進学校として知られる筑波大付属駒場中学・高等学校。そこには長年の間行われている、伝統ある授業がある。
都会のど真ん中、渋谷までわずか2駅の駒場東大前駅前に水田が広がっている。管理するのは筑波大学附属駒場中学・高等学校(筑駒)の生徒たちだ。元々は筑波大の母体となった東京教育大学の付属校で、かつて農学部があった場所に位置する。稲作は開校以来約70年間続く伝統ある授業だ。現在は中1、高1の総合学習として実施している。
筑駒といえば、東大進学者数全国トップ級の超進学校だが、詰め込み型受験対策はほとんどせず、興味のある分野を存分に学べる自由な校風。稲作授業は、熾烈な受験戦争を勝ち抜いた秀才たちが泥まみれの世界に触れて好奇心の核を養うという、筑駒生の「通過儀礼」的な存在だ。
10月14日、半年間手塩にかけた稲を刈り取る日がやってきた。
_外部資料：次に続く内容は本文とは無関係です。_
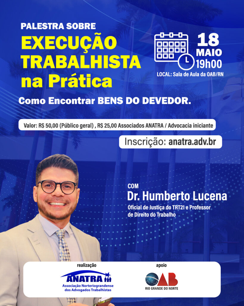 A Associação Norteriograndense dos Advogados Trabalhistas (ANATRA), cumprindo seu compromisso com o aperfeiçoamento técnico da classe, convida a comunidade jurídica para a palestra “Execução Trabalhista na Prática: Metodologias para a Localização de Bens do Devedor”.

黒い足袋をはいた高1生約160人が、鎌を手に続々と水田へ。未明まで降った雨のせいで、稲は湿って重みを増し、服も腰のあたりまで泥だらけになった。
「自然は思い通りにはならないもの。食物を育てる難しさに向き合うことも授業の一環です」
と、授業を統括する渡邉隆昌教諭は言う。
「手の空いた人、稲刈りからまとめるほうに回って!」
作業を仕切るのは「水田委員」の生徒。中でもひときわ元気良く周囲に声を掛けていたのが、水田委員長の杉浦聡一郎さん(15)だ。中1の時、鬼ごっこ中に水田にドボンと落ちたのを機に、半分ノリで水田委員長に任命。いつしか水田が自身のアイデンティティーとなり、高校でも委員長を務めている。
「それぞれ得意不得意があるので、見極めて仕事を振り分けるようにしています。本当は自分が先頭を切ってやりたいタイプなんですが、中学の時よりちょっと成長したのかも」
と杉浦さん。授業では、苗床づくりから脱穀まで多くを生徒の手作業で行い、水田委員は道具の準備など裏方作業を担当。部活動や行事も活発で、水田委員の仕事の負担は小さくない。だが杉浦さんの受け止めは違う。